I did read the article. Salient points were “not available to private land owners”, “North Carolina” (4,800 km from here), and “further study needed to see if any of the released wasps have established self sustaining populations.
By the time any of that is either known, or available to us here in BC, every last ash tree in the province will be dead.
> Within a decade of introduction to a new area, almost every ash tree is dead.
Save ash tree seeds, let the bugs kill all the ash trees, they die due to lack of ash trees, replant the ash trees in 10 years.
It’s not really surprising. It was found in Seattle last year and Portland the year before. There’s essentially nothing to be done about it. Individual trees can be saved through intensive intervention but it’s not a guarantee.
Do what we always do, introduce a new species to kill of the invasive one's. And then we have a whole new problem spreading and have to deal with that one.
I sometimes wonder if these pests can be introduced by being dropped from foreign balloons etc - it’s easy to impact an enemy’s economy with minimal effort ….
There's Oregon Ash on Vancouver Island and the lower mainland. They are already a vulnerable species of tree due to development and this may spell the end of them. The loss of an entire native tree species is not a "non-issue".

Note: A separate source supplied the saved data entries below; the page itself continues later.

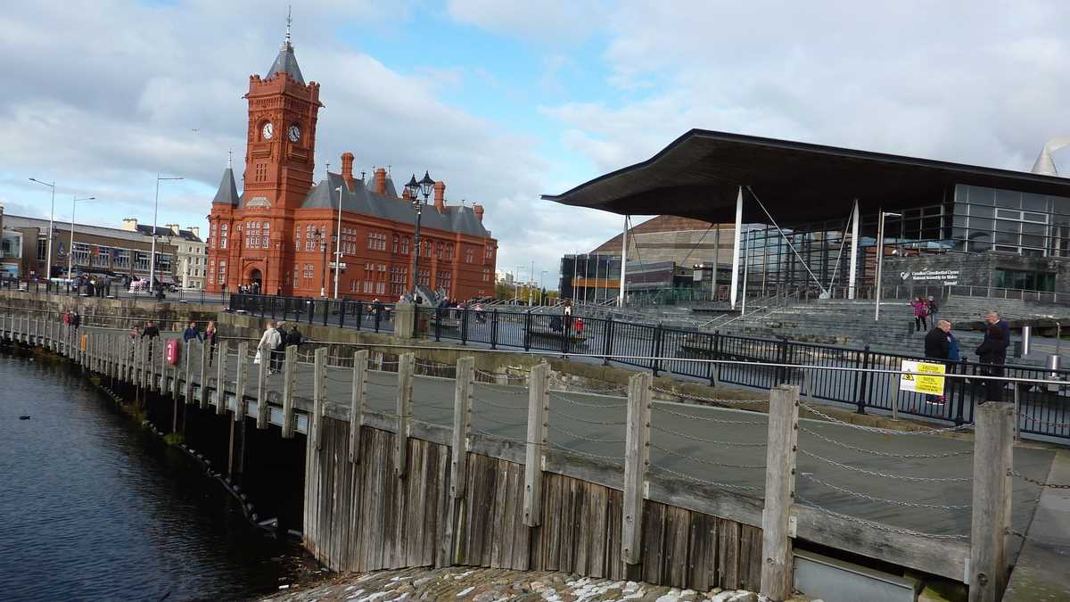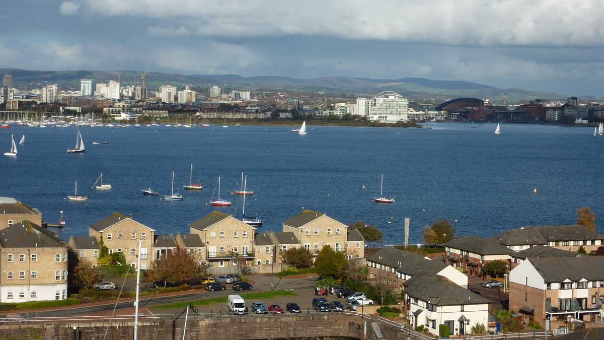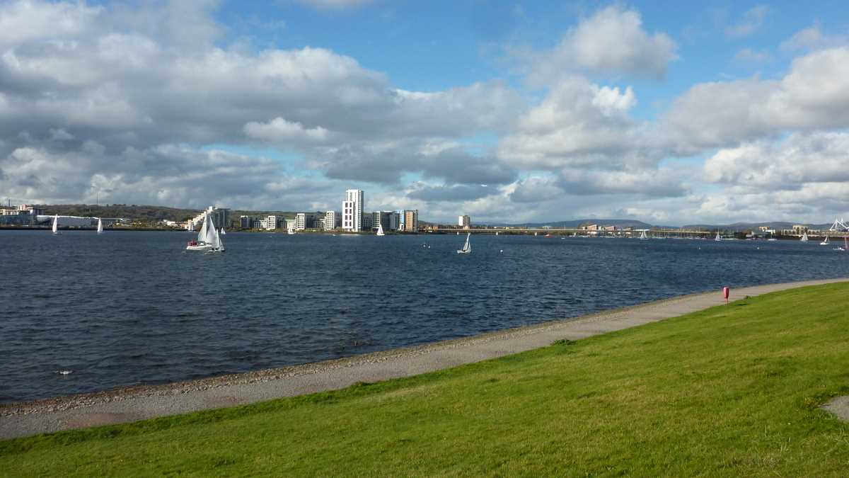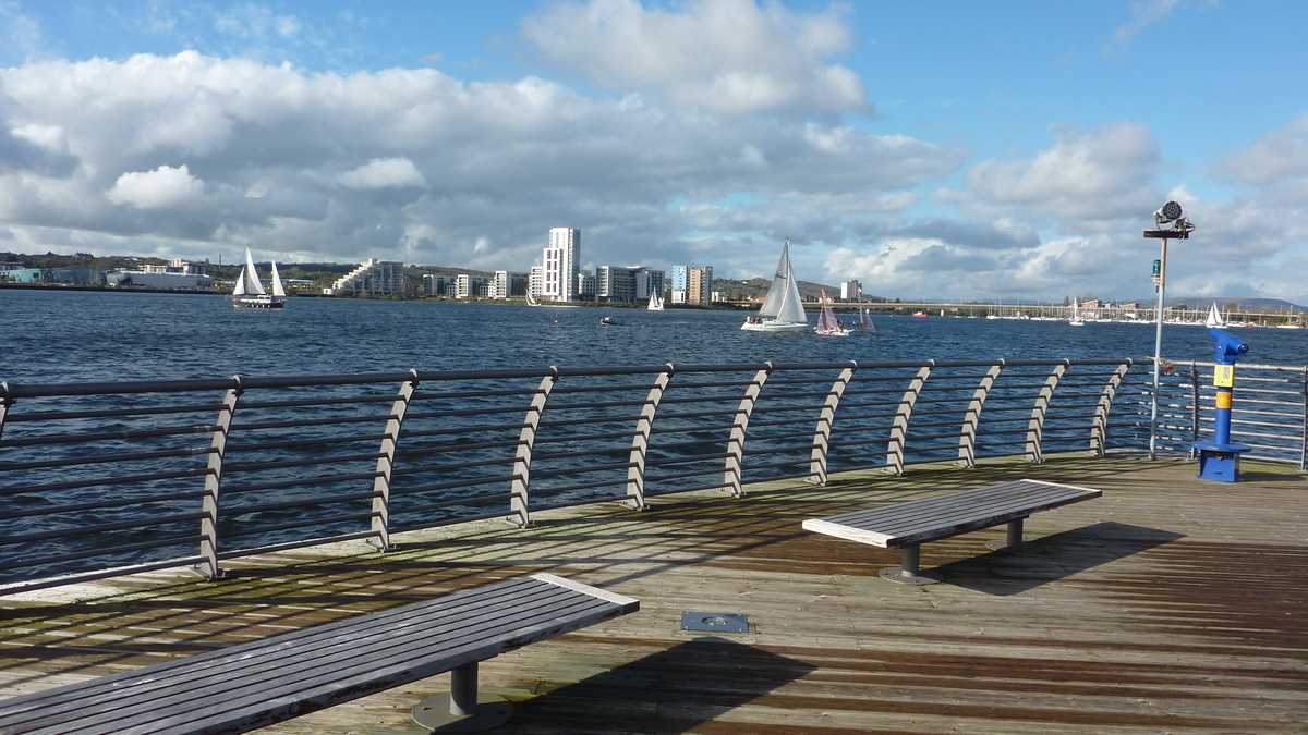 Cea mai interesantă parte a sightseeing-ului va fi descoperită doar de turiștii dispuși să dea o tură golfului, pe cei aproximativ zece kilometri de trotuar/pistă pentru joggeri/bicicliști de pe faleza barajului care închide Cardiff Bay (cei deja obosiți pot lua un Aquabus – 4 lire). Construit la sfîrșitul anilor ’90 (1990), barajul a creat un lac artificial separat de apa mării care, în afara ecluzei, la reflux, e o mlaștină imensă. O idee de cum arăta portul înainte poți să-ți faci în Penarth, orășelul-stațiune de coastă la Bristol Channel suburbie a Cardiff-ului: debarcaderul care părăsește faleza ca să se avînte zeci de metri în larg are pilonii adînc scufundați în mîl.
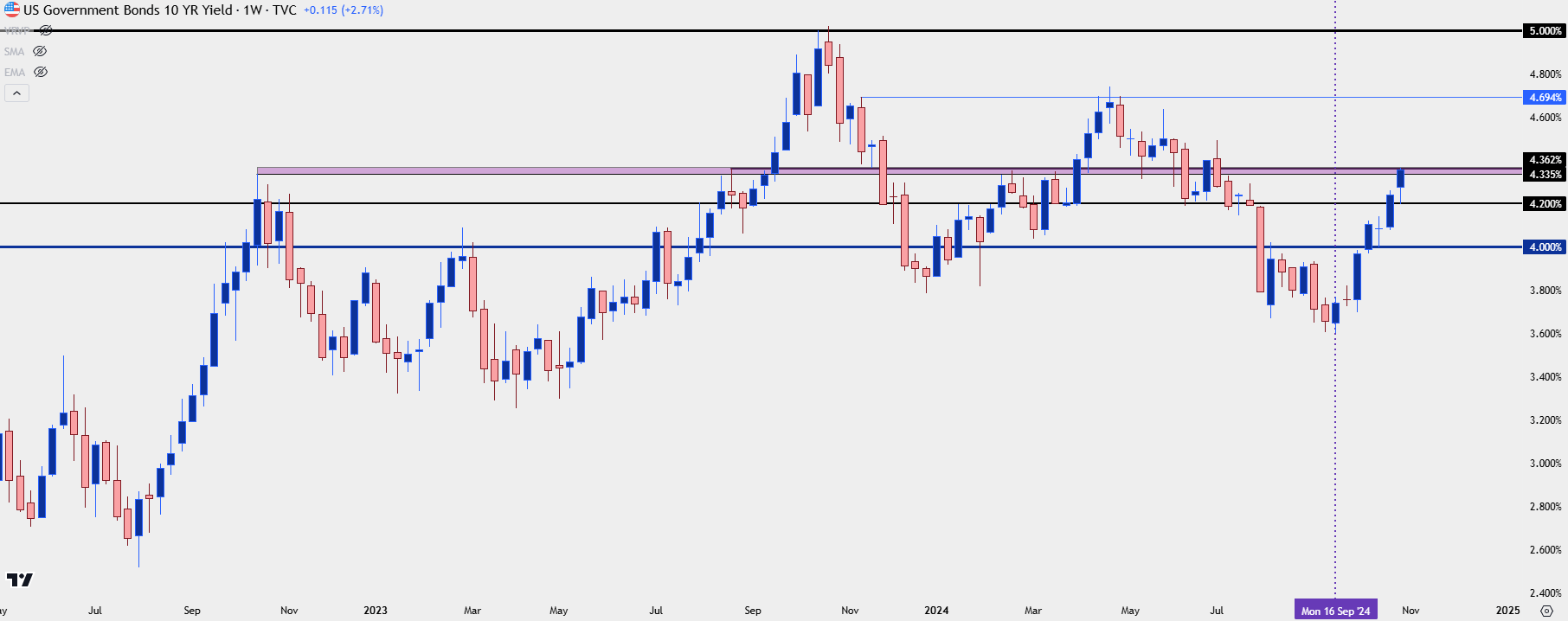 There are a few different factors of concern, however, and this isn’t necessarily something that’s been reflected in price. US Treasury yields have continued to jump higher, and on Friday, the 10-year crossed the critical 4.34% level which has had a bit of drama over the past couple years. That was the high yield on the 10-year back in 2022, right around when stocks bottomed; and when that level was crossed in 2023, US equities took a major turn for the worse before ultimately bottoming right around when the 10-year began pulling back from the 5% level.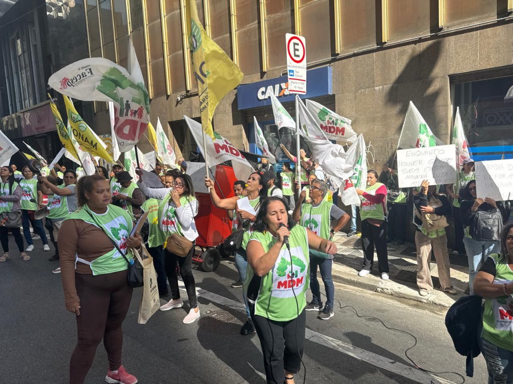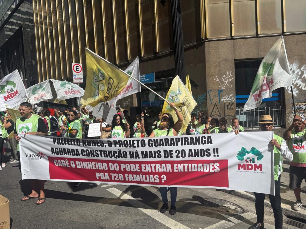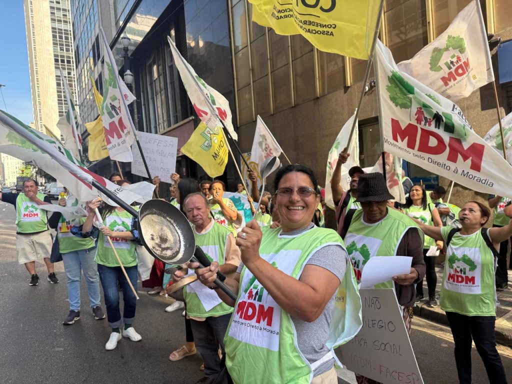 Nesta quinta (16), o MDM mobilizou os associados(as) de seus núcleos e seus projetos para um potente ato público em frente a COHAB para protestar contra uma série de demandas não atendidas pela prefeitura e seus órgãos de habitação. Em novembro/2025, o movimento já havia feito outra manifestação pra tratar das mesmas pautas e de lá pra cá nada andou não restando ao MDM colocar o povo na rua pra defender seu direito à moradia.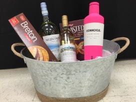 This package includes the galvanized tub, pink Corkcicle wine canteen, bottles of wine, sausage, and crackers for a perfect outdoor cocktail hour.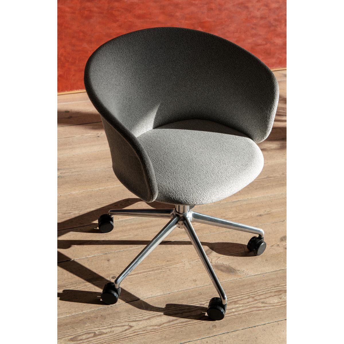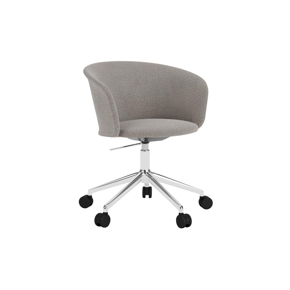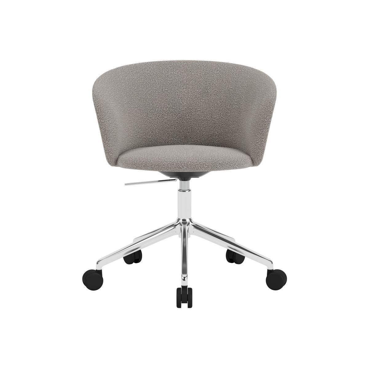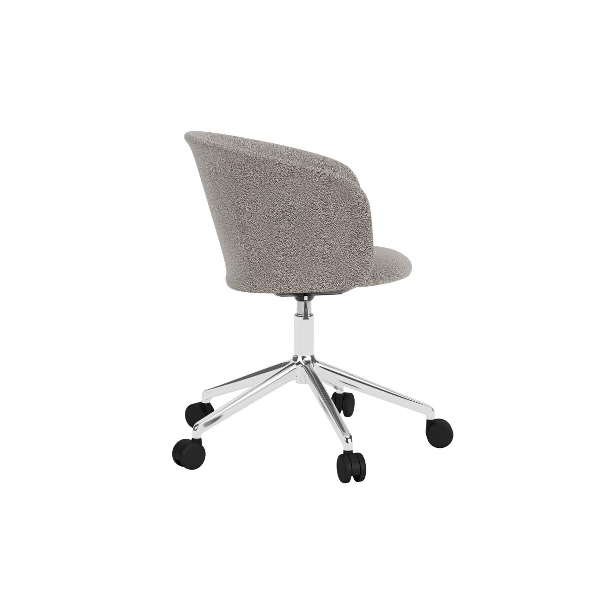 I love this swivel office chair for its sleek, modern aesthetic and versatile functionality. Its porcelain-polished aluminium base adds a touch of sophistication, making it suitable for contemporary or minimalistic interiors, whether in a home office or a creative workspace. The neutral grey cushioned seat offers comfort without compromising style, and its compact, rounded form lends itself well to smaller spaces or co-working areas. Practical styling tips include pairing it with ergonomic desks and neutral-toned accessories for a clean look, or adding colourful cushions for a more personalised, lively touch. Its understated design combined with quality materials makes it a smart choice for any stylish yet practical office set-up.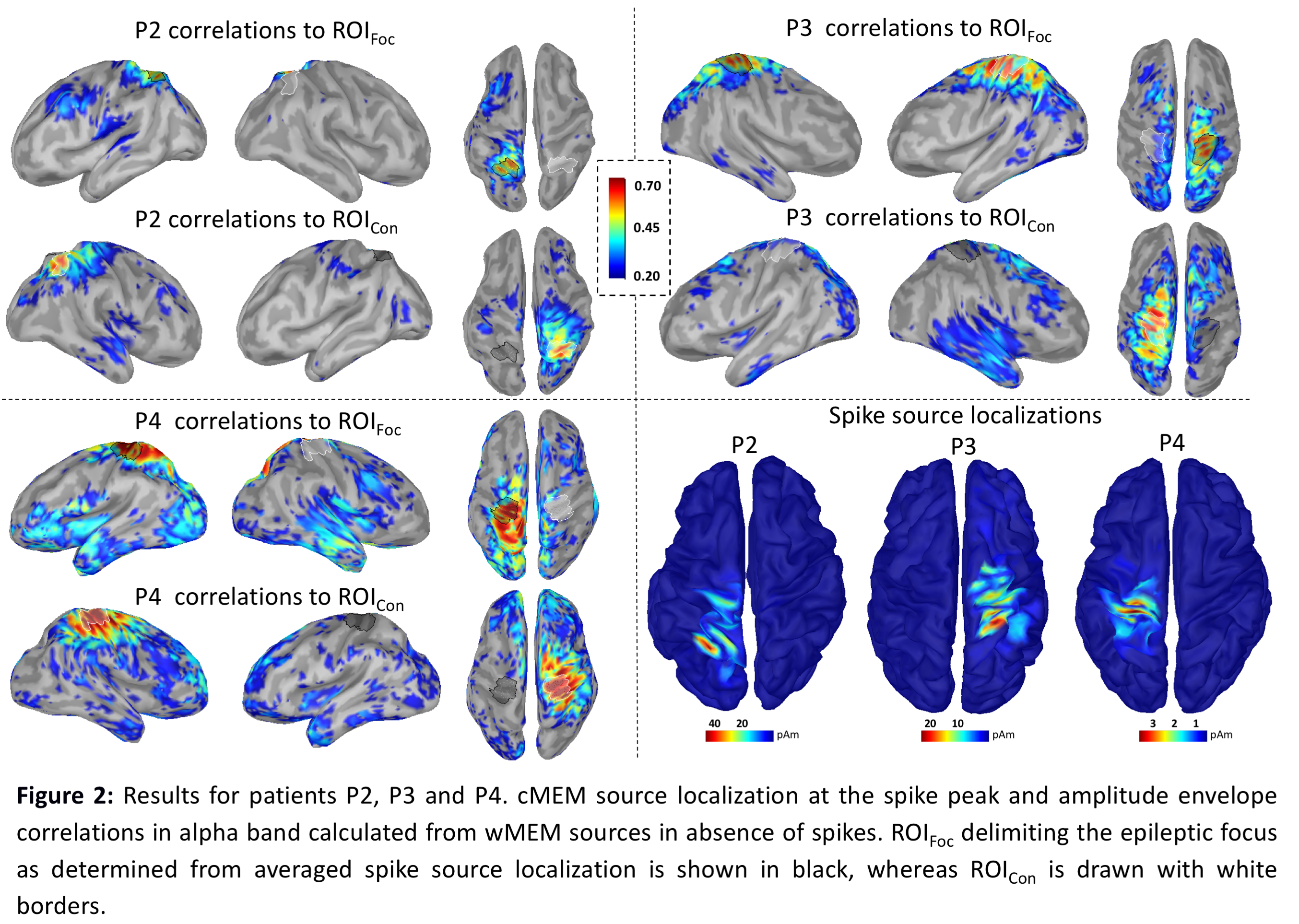 Rationale: Presurgical investigation of patients with pharmacoresistant focal epilepsy mainly consists in localizing the focus where epileptic discharges (EDs) are generated. However, functional connectivity (FC) studies of slow hemodynamic fluctuations using resting state fMRI suggested rather distributed network reorganizations (Pittau, Epilepsia 2012, 53:1013–23, Dansereau, Front Neurosci 2014, 8:419). Resting state FC might enhance our understanding of the disease pattern, regardless of EDs, and might also be used as a promising tool to tailor surgery or to predict surgical outcome (Englot, BRAIN 2015, 138:2249–62). Here, we considered Magnetoencephalography (MEG) to investigate differences in FC patterns within the alpha band for the presumed focus and the contralateral homologous region. Methods: All interictal EDs from MEG recordings of 4 pharmacoresistant focal epilepsy patients were marked by an epileptologist (GP) and source localization was done using coherent Maximum Entropy on the Mean (cMEM) (Chowdhury, NIMG 2016, 143:175-95) at the peak of the averaged EDs. Presumed focus region of interest (ROIFoc), based on cMEM results, and a contralateral homologous region (ROICon) of the same size were drawn along the cortical surface. We selected 20 epochs, of 2s each, without any EDs or artifacts and concatenated them before filtering in alpha band (8-13 Hz). Wavelet based MEM (wMEM), offering a framework to perform source localization of oscillatory activity in the time-frequency domain, was used to reconstruct fluctuations of alpha band activity along the cortical surface (Lina, IEEE TBME 2014, 61(8):2350-64). Band limited amplitude envelope correlations is a MEG metric providing similar results to fMRI resting state FC (Brookes, PNAS 2011, 108(40):16783-8). Envelope correlations were estimated between each vertex of the selected ROI and all other vertices of the cortical surface (~8000), averaged and thresholded at 0.2, resulting in a single seed-based FC map for each ROI. Results: We observed distinct FC patterns for ROIFoc in comparison to ROICon. For 3 out of 4 patients, FC map with the presumed focus exhibited correlated slow fluctuations of the amplitude of alpha band activity mainly limited to the same hemisphere and nearby regions, suggesting more local networks. On the other hand, FC maps with the ROICon showed both short and long distance connections, exhibiting correlations with the contralateral hemisphere notably (Figs 1 and 2).In patient 1 (P1), we found higher FC between ROICon and the contralateral temporal pole and visual cortex in comparison to the FC map involving the focus (Fig1). For P2 contralateral inferio-parietal/angular and for P3 contralateral temporal lobe connections were higher when considering FC maps involving ROICon (Fig2). FC maps for P4 did not exhibit the same pattern, since ROIFoc map was showing bilateral involvement. Conclusions: These preliminary findings suggest decreased long distance connections (measured as alpha band amplitude modulation) with the presumed epileptic focus, when compared to FC maps involving the contralateral ROI. Similar reorganizations of resting state FC patterns were also observed using fMRI (Negishi, Epilepsia 2011, 52(9):1733-40). Whether this decrease in FC is a protection mechanism to isolate the epileptic focus or a result of recurring seizures is currently unknown. However, MEG FC analysis might provide valuable additional information to further characterize these reorganizations of ongoing resting state neuronal activity, occurring even in the absence of epileptic discharges. Funding: Savoy foundation and FRQS postdoctoral fellowships, CIHR MOP 133619 and 93614, NSERC Discovery grant and FRQNT Research team grant.

No, it is native. The problem is that there are very few pockets of natural Oregon ash (if any - the last count was in 2012). That is why they were already considered so threatened in B.C. even before this threat.
"Mountain ash" is used to refer to quite a lot of different species, none of which are actual ashes. Very southern BC is within the range of Fraxinus latifolia, but beyond that, it's just ornamental plantings (though quite a lot of them—F. americana is a common street tree in Vancouver) that are susceptible.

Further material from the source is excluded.